Why Did Paul Write Philippians
Unlike some of Paul’s other letters, Philippians is not primarily corrective. Paul is not angry with this church. He genuinely loves them, and they love him. The church in Philippi had supported him financially and emotionally while he was imprisoned. One of their members, Epaphroditus, had even traveled to care for him and nearly died in the process.
Paul writes to thank them, encourage them, and explain why Epaphroditus is returning home.
What is remarkable is how Paul introduces himself:
“Paul and Timothy, servants of Christ Jesus…”
In the Roman world, status was everything. People introduced themselves by highlighting their achievements, education, family background, or social standing. Paul could have done the same. He was educated, respected, and influential. But he calls himself servant instead. The Greek word is doulos, a word usually translated elsewhere as slave. Paul chooses an identity rooted not in status but in belonging. His value comes from his relationship to Christ, not his accomplishments.
He extends the same dignity to everyone in the church. He greets “all God’s holy people” together with the overseers and deacons. Rather than elevating leaders above everyone else, Paul places the entire community side by side. This is what the Gospel does. The world organizes people into hierarchies. It ranks people by wealth, power, education, race, gender, nationality, and influence. The Gospel disrupts all of that. At the table of Jesus, everyone stands on equal ground.
That does not mean everyone has the same role. It means no one has greater worth.
Paul’s encounter with Jesus completely reordered his life. He no longer measured success the way Rome did. He no longer pursued power the way he once had. Even his profession reflected this change. Though highly educated, Paul worked with his hands as a tentmaker, choosing a life among ordinary people rather than pursuing elite status.
When we read Paul well, we are not primarily looking for rules. We are watching what happens when a person’s life becomes centered on Jesus. When Paul suffers, he can still find joy. And even though he is in prison, he speaks about hope. Again and again, he interprets his circumstances through the story of Jesus.
Philippians reminds us that Christianity is not about believing certain things. It is about allowing the story of the life, death, and resurrection of Jesus to reshape the way we understand ourselves, our communities, and our place in the world.

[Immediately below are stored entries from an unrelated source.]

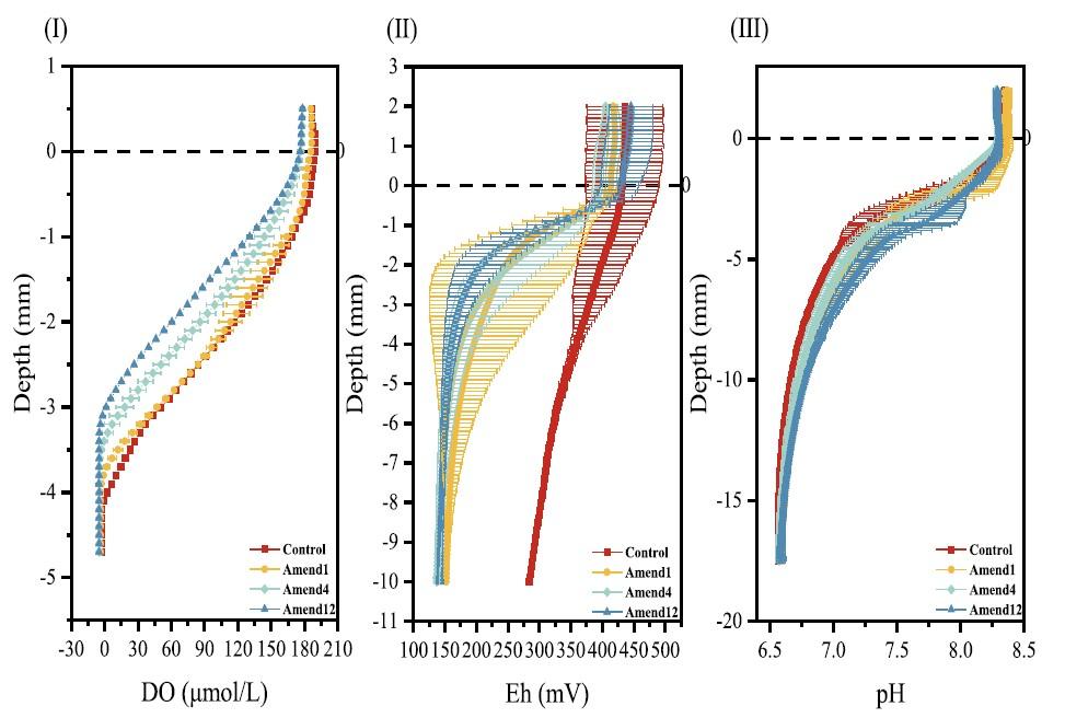 由于水體營養水平的提升,藻華頻繁發生。這些藻華聚集的藻類最終死亡并積累在沉積物表面,影響水生系統的微環境和磷循環。然而關于自然死藻沉積對沉積物內源磷釋放影響的研究尚缺乏。在本研究中,研究人員通過評估微生物代謝和群落結構,調查了不同濃度死藻沉積對沉積物磷釋放的長期影響及其潛在機制。結果表明死藻沉積后,磷從沉積物向水體的釋放在第40天達到峰值(Amend12組為0.14±0.017 mg/L),且在沉積物-水界面的SRP(溶解性活性磷)交換能力在階段1(0-3天)達到最大(Amend12組為6.09±1.63 mg/(cm2·d))。這可能主要歸因于死藻沉積引入了大量有機質(如有機碳和有機磷),從而改變了沉積物微環境,通過增加碳源代謝、減少細胞內氨抑制和創造更適宜的厭氧條件,提高了磷循環微生物(如聚磷菌)的活性。因此,本研究提高了我們對富營養化淺水湖泊控制內源磷釋放管理策略的理解,表明通過在水華高峰期收割藻類可以減輕新鮮沉積藻類的啟動效應。Unisense微電極系統用來精確測量沉積物剖面的關鍵物理化學參數,通過微電極數據,論文論證了死藻沉積如何通過改變微環境(如創造厭氧條件)驅動內源磷釋放。具體而言,DO和Eh的下降增加了磷的遷移能力,這與微生物群落結構變化(如Gallionellaceae的富集)相互印證,強化了“死藻-微環境-微生物-磷釋放”的因果鏈。
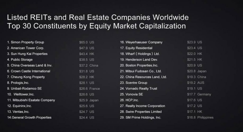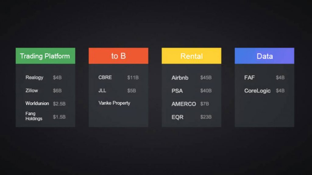 In China, the industry is closely linked with the development of REITs (real estate investment trusts). If we follow the development of REITs, then data concentration will be a big influencer for our growth. The largest real estate businesses in the U.S. today are in the picture, but they are not the largest developers. All of them are large REITs. A typical one would have a size of about USD $50 trillion in the U.S. Cheung Kong Property ranks 7th and still is not the largest real estate investment trust. I think rental is a major trend. By comparison, real estate investment trusts are ahead. The largest REITs are residential REITs, and commercial is the second largest. There are also good big data companies online in the U.S. They are all for commercial real estate, their monetization all come from financial institutions, that is our goal for the future.
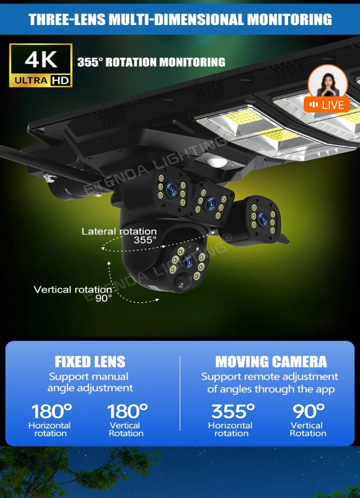 Remote App Control: With a dedicated app, users can monitor and control the light and camera remotely, offering enhanced convenience and security management at any time.
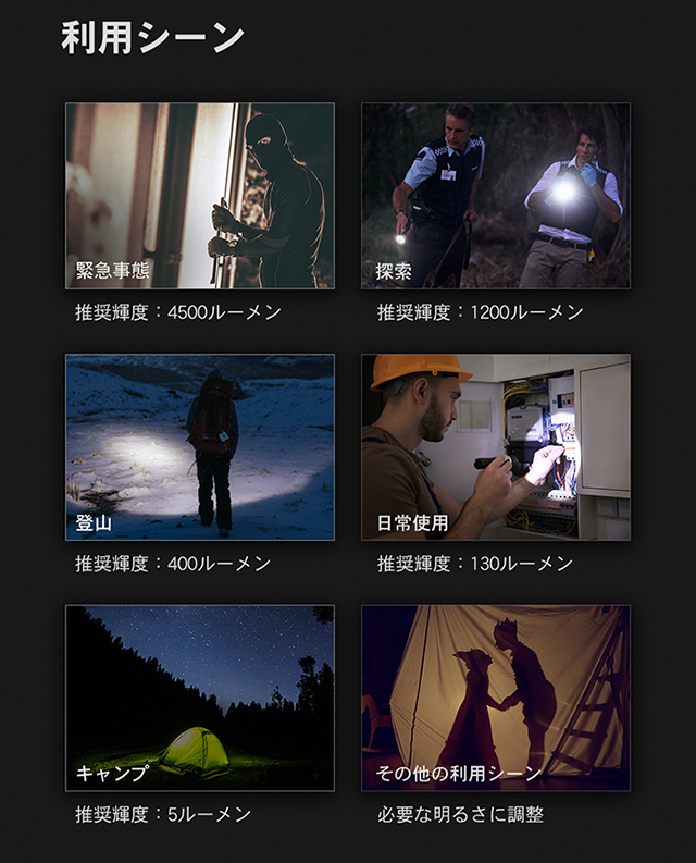 Turboモード/4500~1500lm/約1min+2.5h Highモード/2000~800lm/約3min+3h Med2モード/1200lm/約5h Med1モード/400lm/約8.5h Low2モード/130lm/約20h Low1モード/40lm/約45h Ecoモード/5lm/約110h ストロボモード/1200lm SOSモード/400lm |
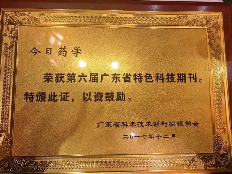 《今日藥學(xué)》雜志榮獲“第六屆廣東省特色科技期刊”
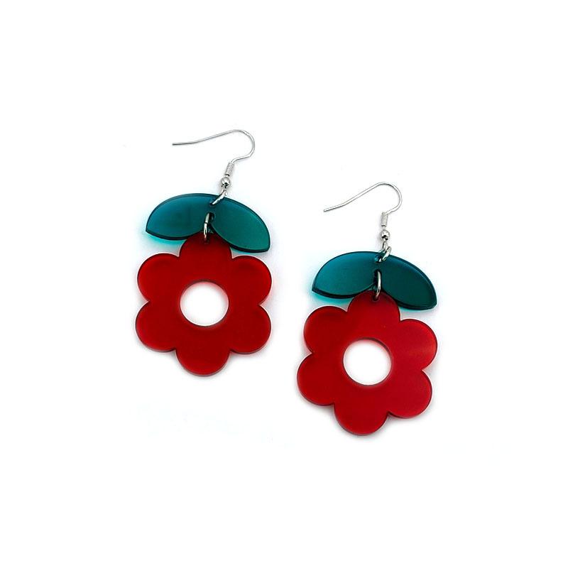 Pendientes acrílicos de moda, pendientes rojos transparentes con flores huecas, joyería vegetal larga para mujer.

House Church Discussion Questions
Paul’s life changed dramatically after encountering Jesus. Looking back on your own story, are there ways your understanding of God has changed over time? Were there certain events in your life that caused this disruption?
When you introduce yourself to people, what parts of your identity do you tend to lead with? What do you think that reveals about what matters most to you?
Paul calls himself a servant rather than emphasizing his accomplishments. Why do you think humility is so difficult to practice in our culture?